A general scenario for how out of print determinations are made and communicated to HathiTrust is available in the HathiTrust rights database documentation: http://www.hathitrust.org/rights_database#op. Additional information on the service is available at http://www.hathitrust.org/out-of-print-brittle.

It is the first three conditions (in the first two bullets) that I find interesting: that access is only available to affiliated users, that access is available only from "U.S. soil", and that users must authenticate using a HathiTrust member institution's Shibboleth identity provider. The only way I can think for HathiTrust to enforce the first two conditions is to use Shibboleth. Only through Shibboleth would HathiTrust have assurances that the user is a member of the community and is at a particular place. ((Let's set aside for a moment the relatively trivial ways that IP address geolocation can be fooled: VPN services, web proxies, etc. If you want to know more, just Google "how to bypass geographical restrictions".)) Libraries more commonly use rewriting proxy servers, like EZproxy, to facilitate access to restricted or licensed material. Rewriting proxy servers effectively hide the location of the user because to HathiTrust the user's location would appear to be where the proxy server is.

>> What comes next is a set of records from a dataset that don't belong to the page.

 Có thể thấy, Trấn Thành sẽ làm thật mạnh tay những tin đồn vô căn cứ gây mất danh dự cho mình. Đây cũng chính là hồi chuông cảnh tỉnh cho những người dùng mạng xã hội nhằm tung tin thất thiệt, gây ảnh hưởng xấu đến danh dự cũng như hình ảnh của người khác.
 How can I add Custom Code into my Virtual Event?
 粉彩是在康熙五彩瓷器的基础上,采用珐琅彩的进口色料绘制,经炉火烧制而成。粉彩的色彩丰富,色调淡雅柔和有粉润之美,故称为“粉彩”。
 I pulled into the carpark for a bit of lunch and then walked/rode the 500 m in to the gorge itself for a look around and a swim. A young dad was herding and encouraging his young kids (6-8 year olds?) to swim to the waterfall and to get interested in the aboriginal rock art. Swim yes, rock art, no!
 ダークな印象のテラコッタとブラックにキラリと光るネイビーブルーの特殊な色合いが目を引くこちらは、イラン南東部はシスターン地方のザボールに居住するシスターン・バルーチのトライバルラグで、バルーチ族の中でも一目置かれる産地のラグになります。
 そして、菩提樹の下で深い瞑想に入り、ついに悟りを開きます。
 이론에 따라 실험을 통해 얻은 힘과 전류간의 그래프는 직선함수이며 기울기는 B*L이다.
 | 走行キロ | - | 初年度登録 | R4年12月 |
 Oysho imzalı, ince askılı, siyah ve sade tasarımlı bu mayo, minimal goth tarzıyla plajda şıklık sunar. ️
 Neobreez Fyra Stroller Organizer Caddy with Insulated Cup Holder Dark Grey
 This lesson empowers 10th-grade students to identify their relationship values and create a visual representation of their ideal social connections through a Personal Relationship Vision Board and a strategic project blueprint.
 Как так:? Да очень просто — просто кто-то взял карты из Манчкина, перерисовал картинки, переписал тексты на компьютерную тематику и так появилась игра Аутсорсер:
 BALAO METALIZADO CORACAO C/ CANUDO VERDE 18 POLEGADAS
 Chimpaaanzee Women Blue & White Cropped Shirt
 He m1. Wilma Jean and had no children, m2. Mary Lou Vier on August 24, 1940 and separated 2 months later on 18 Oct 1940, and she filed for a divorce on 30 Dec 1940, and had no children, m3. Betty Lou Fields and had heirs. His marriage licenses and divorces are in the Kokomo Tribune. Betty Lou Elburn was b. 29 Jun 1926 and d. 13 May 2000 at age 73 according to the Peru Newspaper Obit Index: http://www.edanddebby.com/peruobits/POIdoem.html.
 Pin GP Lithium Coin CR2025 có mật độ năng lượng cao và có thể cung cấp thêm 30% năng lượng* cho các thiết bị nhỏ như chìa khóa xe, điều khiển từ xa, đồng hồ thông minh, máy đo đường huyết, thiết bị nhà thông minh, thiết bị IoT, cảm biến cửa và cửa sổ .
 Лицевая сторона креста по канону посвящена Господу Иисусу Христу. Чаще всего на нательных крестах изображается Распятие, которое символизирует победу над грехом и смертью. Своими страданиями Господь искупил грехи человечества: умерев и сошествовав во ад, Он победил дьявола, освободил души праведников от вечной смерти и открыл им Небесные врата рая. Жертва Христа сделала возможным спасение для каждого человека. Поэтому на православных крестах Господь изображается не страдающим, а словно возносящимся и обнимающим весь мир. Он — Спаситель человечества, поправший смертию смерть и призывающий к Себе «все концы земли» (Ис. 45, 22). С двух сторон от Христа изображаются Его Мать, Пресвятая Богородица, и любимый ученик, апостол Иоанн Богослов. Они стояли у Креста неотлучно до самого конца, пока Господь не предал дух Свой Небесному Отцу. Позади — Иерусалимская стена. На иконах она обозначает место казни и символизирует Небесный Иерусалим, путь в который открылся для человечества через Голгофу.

I dug a little deeper to see if I could find a definition of "affiliated" -- does it mean "only students, faculty and staff" or other looser forms of affiliation like "alumni" or "parent" or "guest"? One of the great strengths of Shibboleth (generally) and the identity management federations like InCommon (specifically) is that they have fairly rigorous definitions of "member" and "affiliated" -- piggybacking on the eduPerson eduPersonAffiliation attribute definition. I didn't find a firm linkage to those defined eduPerson terms, but I did find an interesting declaration in HathiTrust Digital Library Access and Use Policies: "Users must be authenticated members of a HathiTrust institution or individuals using a computer on a HathiTrust institution's library premises." That would both seem to simultaneously make the Shibboleth requirement redundant in cases where access came from an on-campus IP address and the question about the definition of affiliation moot -- by that statement, anyone using a library terminal would have access even if they weren't otherwise a member of the campus community. Hmmm, I wonder how they are resolving that contradiction?

Digging a little deeper, I found the HathiTrust Shibboleth technical details page where they talk about the kinds of attributes required to use the service. They do require 'eduPersonScopedAffiliation' ((eduPersonScopedAffiliation is nearly the same as eduPersonAffiliation; it just tacks "@" on the end.)), so they can see the types of membership someone has with an institution. It is also refreshing that the only other element they require is eduPersonTargetedID -- the "persistent, non-reassigned, privacy-preserving identifier" known only to the institution and the service. (The eduPerson definition goes on to say: "This attribute is designed to preserve the principal's privacy and inhibit the ability of multiple unrelated services from correlating principal activity by comparing values. It is therefore REQUIRED to be opaque, having no particular relationship to the principal's other identifiers, such as a username or eduPersonPrincipalName. It SHOULD be considerably difficult for an observer to guess the value that would be returned to a given service provider.") It is great to see HathiTrust using the privacy-enhancing aspects of Shibboleth like they were meant to be used. Because they are using targetedID, a prosecuting party would need to subpoena records from both HathiTrust (to get the eduPersonTargetedID of the person they were interested in) and the member institution (to see who that eduPersonTargetedID was assigned to) to pin research activities to a specific individual.